カメラボディに固定されている撮像素子のサイズを,なぜ135フィルムサイズで考えるのか?そこに意味はありません.
受光面積が大きいほど感度で有利なのは物理的に当然ですから,高感度を求めるなら大型素子がいいわけです.が,要求仕様が決まっていませんからどこまで大きくしていいのか決め手もないのです.結局「買える範囲で」「持てる範囲で」大きくしましょう,となるわけですが,人によって財力も体力も違いますから,統一的な解なんて無いわけです.
135フィルムサイズ用に設計されたレンズを本来の画角で使う.135フィルムサイズの撮像素子にこだわる理由はこれしかありません.

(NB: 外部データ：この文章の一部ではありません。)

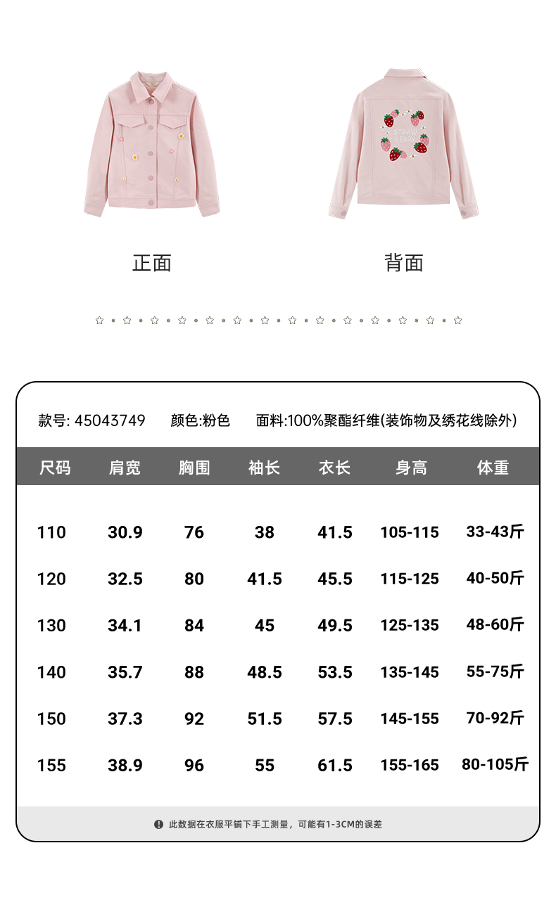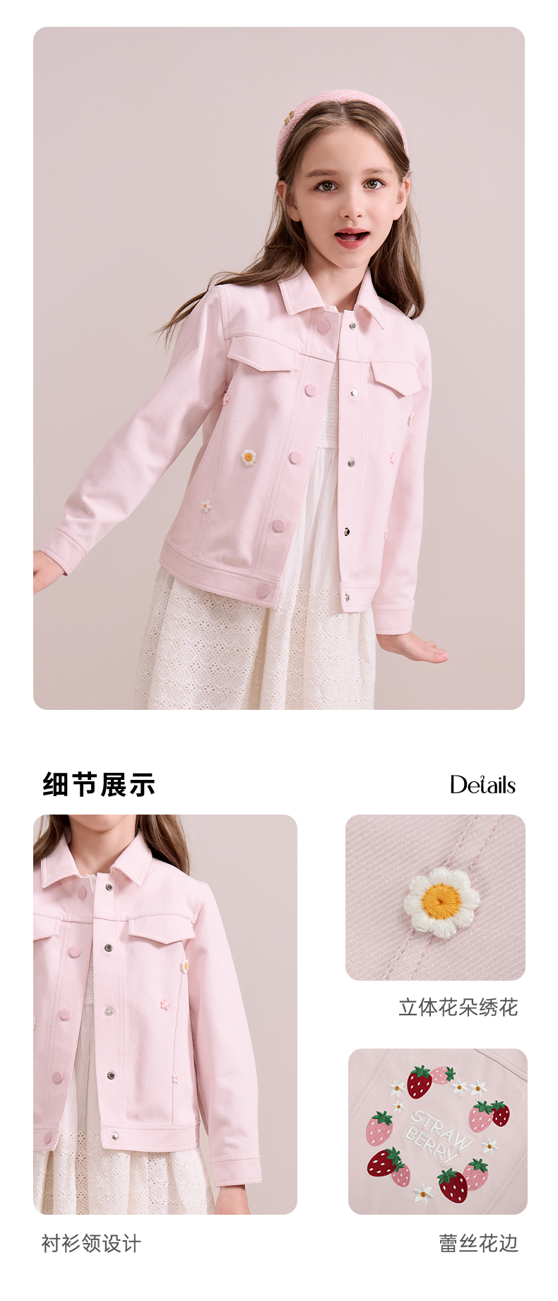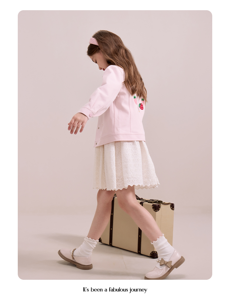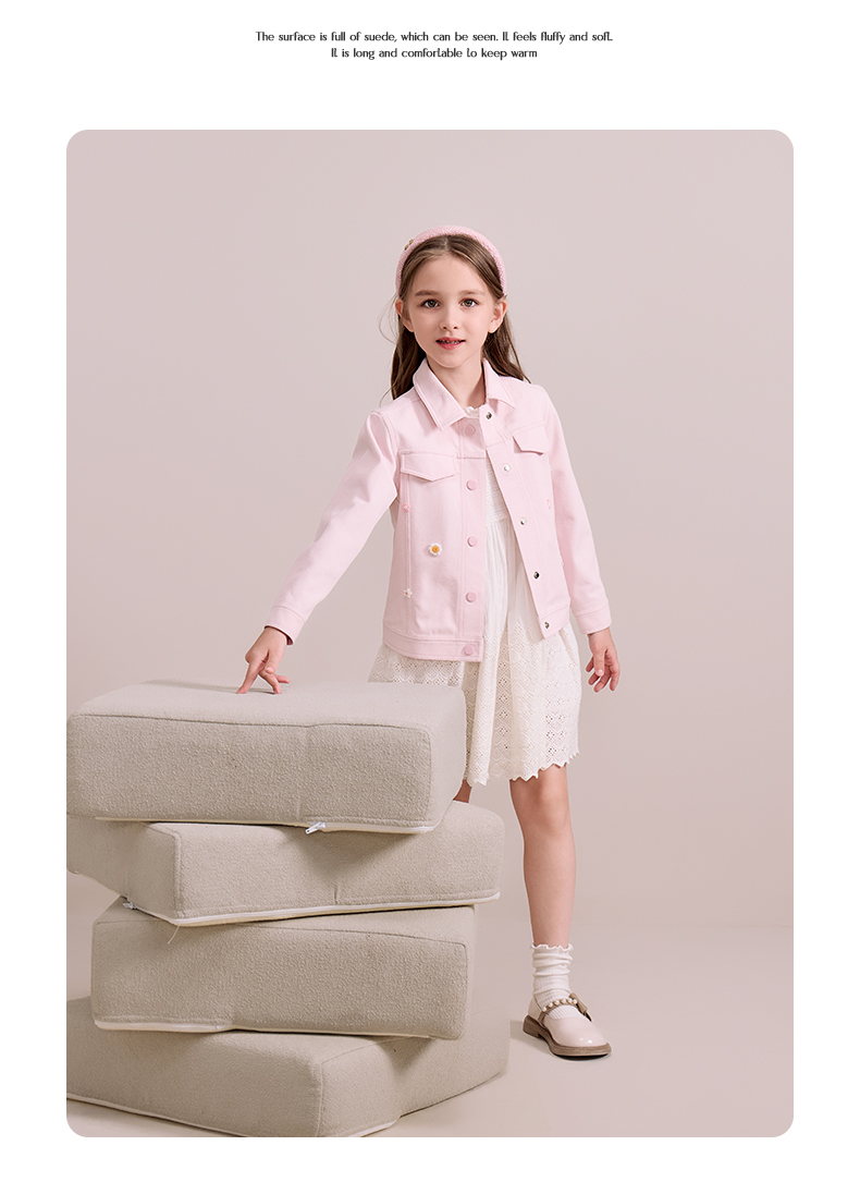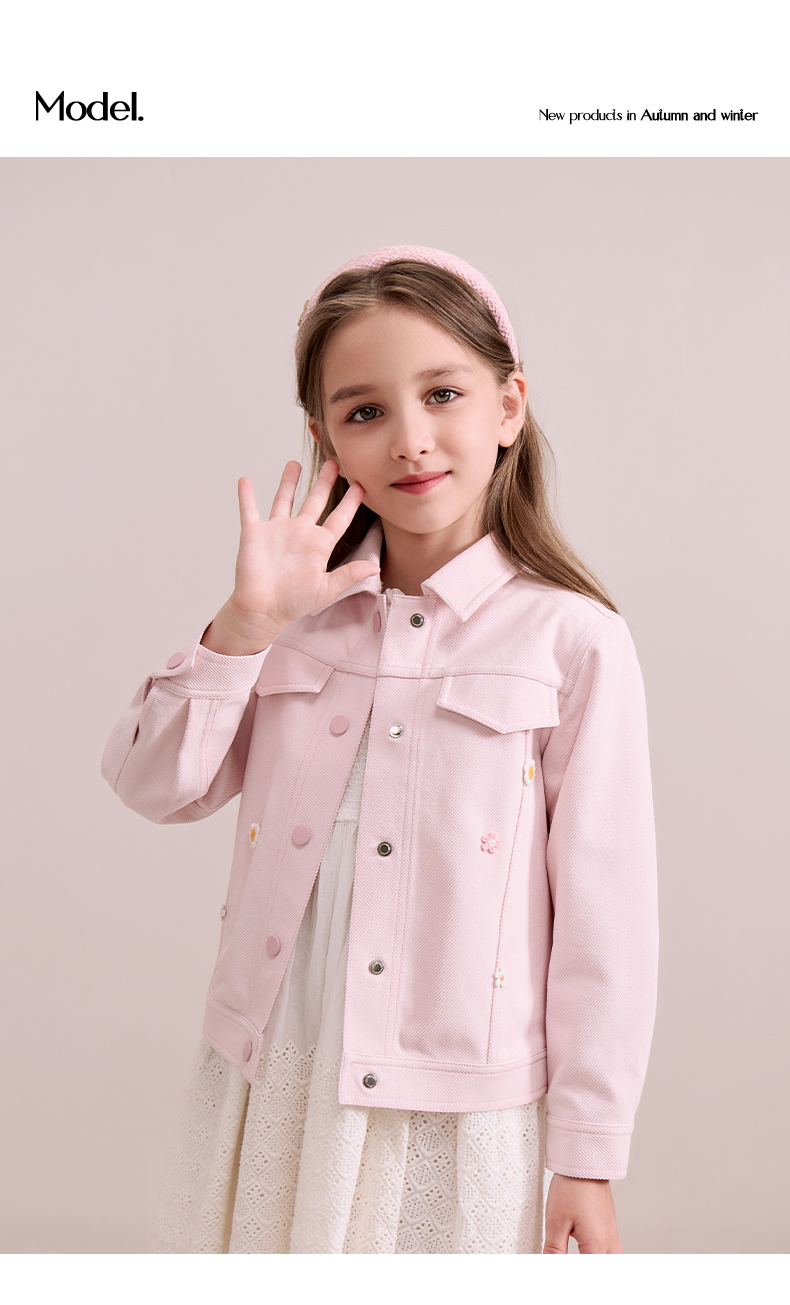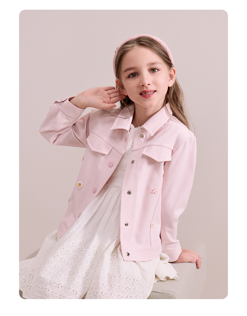 mettekids儿童粉色牛仔外套2024秋新款女童绣花正肩中空纱夹克

ソニーEマウントはフルサイズにしては口径が小さい.ネット上ではよく目にします.でも,さらに小さいライカMマウントを批判する人はほとんどいません.ブランド力もあるでしょうけど,歴史を生き抜いてきたライカM用レンズ群を通して世界を見てみたい,というシンプルな要求は安易な批判を寄せ付けないのだと思います.
当方も,岳父の形見であるニコンS用レンズやペンタックスTakumarレンズを使ってみたいがためにソニーαを買いました.当時は,135フィルム用レンズを本来の画角で使うためにはα7シリーズしか選択肢がなかったのです.こういう人は結構いるのではないでしょうか.
オールドレンズの「味」とは欠陥である,との言葉は全くもってその通りなのですが,それがエンターテイメントなのです.21世紀になって蒸気機関車がけん引する列車になぜ乗りたがるのか?その「欠陥」の立ち現れ方に,英知の積み重ねと先人の心意気が詰まっているのです.
システムカメラは,その「味」を楽しめるツールであり,象徴であるわけです.ならば,その象徴をファッションに取り入れた「カメラ女子」や「オールドレンズ遊び」こそ.非プロユーザーにとってシステムカメラの存在意義なんじゃないか,と思うのです.
カメラメーカーが生き残るには,「味」の象徴でありつづけるための努力や工夫が必要なんじゃないでしょうか.ライカはなんだかうまいことやってますよね.